Exercise prompt:
Below are records with pictures; copy word for word only the lines between the line with "Image description: wiggly" and the line with "EINDHOVEN – Activisten", inclusive, and drop the pictures.

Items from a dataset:
⟨
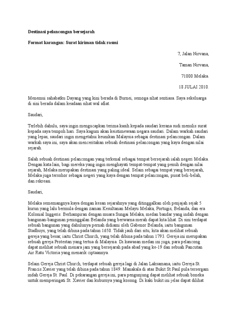 Karangan Spm Contoh Karangan Surat Tidak Rasmi 12
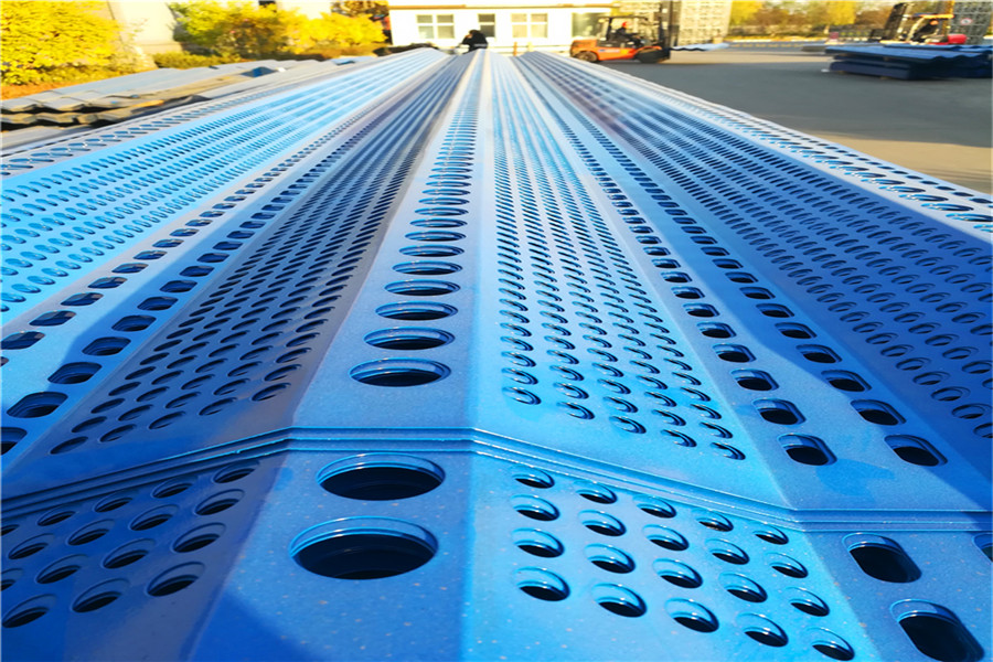 (3) 挡风板安装:使用寿命15~20年。使用环境温度:-40℃至+80℃,连接采用螺钉和压板固定。挡风抑尘扳的具体尺寸、弯曲度、开孔率应根据堆场的实际情况进行设计。
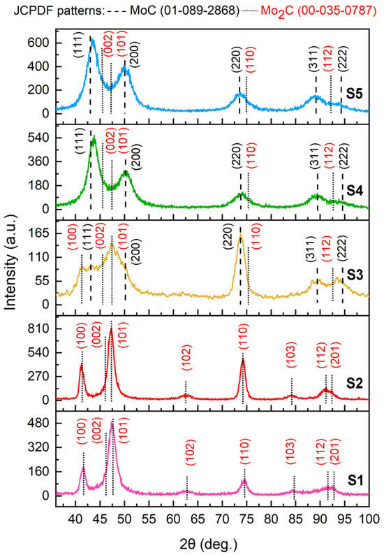 Figure 1 shows XRD patterns of five series of Mo-W-C films. It can be clearly seen that an increase in the power applied to the C target resulted in a change in phase composition. Samples could be divided into two groups. S1 and S2 carbides deposited at 15 W and 40 W consisted only of a hexagonal close-packed (hcp) β-Mo2C phase. However, applying a higher power (63 W, 84 W, and 110 W) drastically altered the structure of the Mo-W-C films.
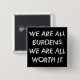 Image description: wiggly white lettering reading, "We are all burdens. We are all worth it."
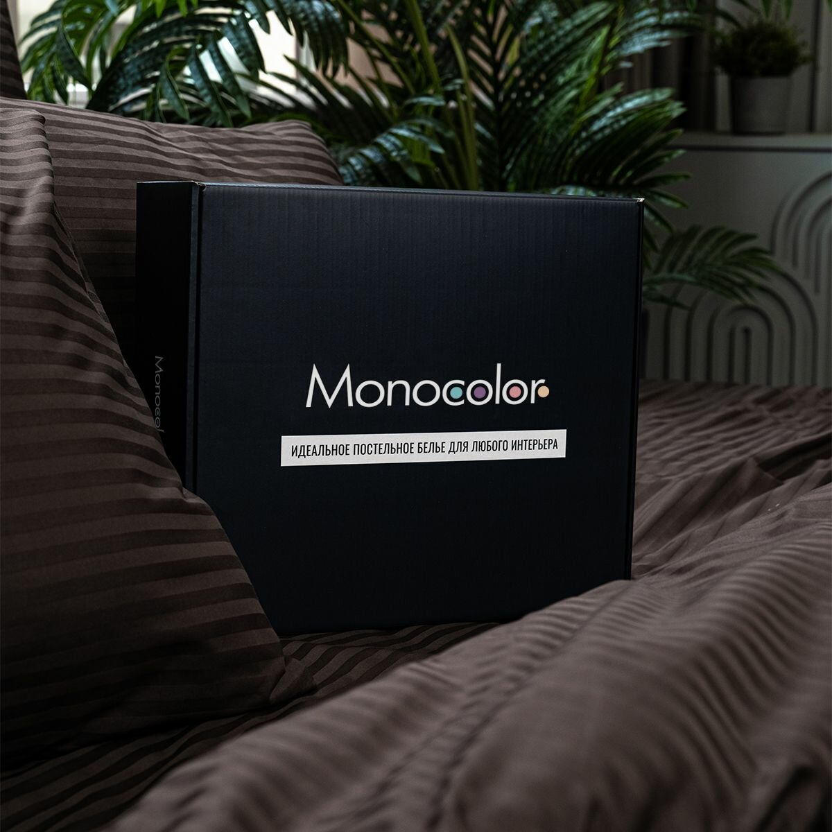 Комплект постельного белья 2-спальный размер Monocolor Страйп сатин 100% хлопок / 2 наволочки 50*70 /шоколад /премиум качество
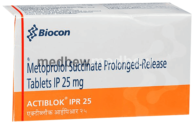 Actiblok IPR 25 Tablet belongs to a group of medicines called beta-blockers. It is used to treat high blood pressure (hypertension), angina (heart-related chest pain), and irregular heart rhythms (arrhythmia). It also helps to prevent migraines, future heart attacks, and stroke.
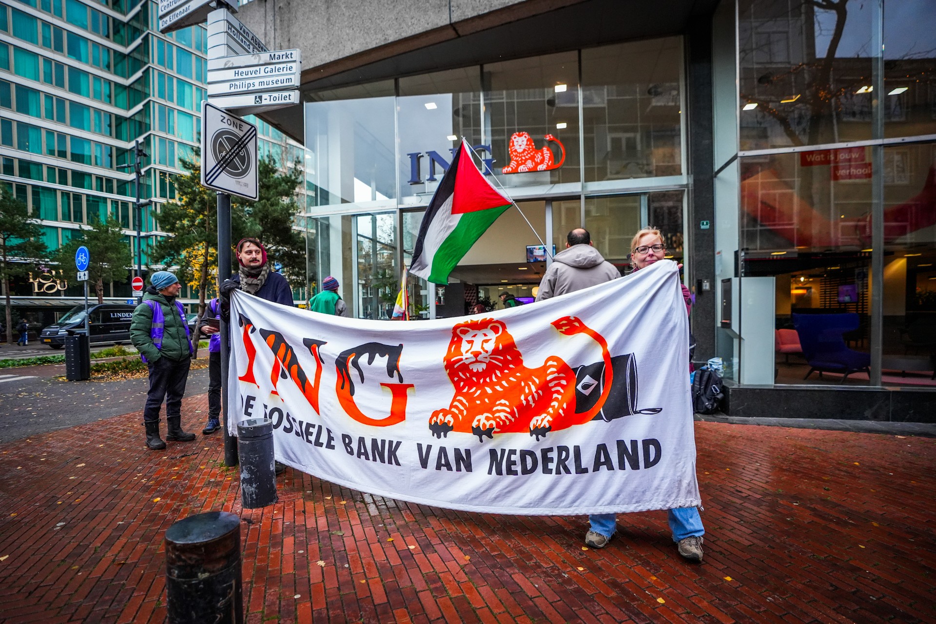 EINDHOVEN – Activisten van Extinction Rebellion hebben zaterdagmiddag de ingang van de ING-bank aan de Nieuwstraat bezet. Enkele demonstranten bonden zich vast aan meubels binnen het pand, terwijl anderen buiten met spandoeken en een Palestijnse vlag actie voerden. De bank bleef toegankelijk voor klanten en personeel, meldt Brabants Dagblad.
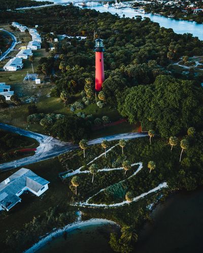 The area where the town now sits was originally named for the Hobe Indian tribe which lived at the mouth of the Loxahatchee River and whose name is also preserved in the name of nearby Hobe Sound. A mapmaker misunderstood the Spanish spelling Jobe of the native people name Hobe and recorded it as Jove. Subsequent mapmakers further misunderstood this to be the name of the Roman god also known as Jupiter, and they adopted the more familiar name of Jupiter. The god Jupiter (or Zeus in Greek mythology) is the chief Roman god, and the god of light, the sky and weather, and of the state and its welfare and laws. Jupiter's consort was Juno, inspiring a neighboring town to name itself Juno Beach. The most notable landmark is the Jupiter Inlet Lighthouse, completed in 1860. Made of brick, it was painted red in 1910 to cover discoloration caused by humidity. Hurricane Jeanne in 2004 sandblasted the paint from the upper portion of the tower, and the tower was repainted using a potassium silicate mineral coating. The lighthouse is often used as the symbol for Jupiter.
⟩
Final answer:
 Image description: wiggly white lettering reading, "We are all burdens. We are all worth it."
 Комплект постельного белья 2-спальный размер Monocolor Страйп сатин 100% хлопок / 2 наволочки 50*70 /шоколад /премиум качество
 Actiblok IPR 25 Tablet belongs to a group of medicines called beta-blockers. It is used to treat high blood pressure (hypertension), angina (heart-related chest pain), and irregular heart rhythms (arrhythmia). It also helps to prevent migraines, future heart attacks, and stroke.
 EINDHOVEN – Activisten van Extinction Rebellion hebben zaterdagmiddag de ingang van de ING-bank aan de Nieuwstraat bezet. Enkele demonstranten bonden zich vast aan meubels binnen het pand, terwijl anderen buiten met spandoeken en een Palestijnse vlag actie voerden. De bank bleef toegankelijk voor klanten en personeel, meldt Brabants Dagblad.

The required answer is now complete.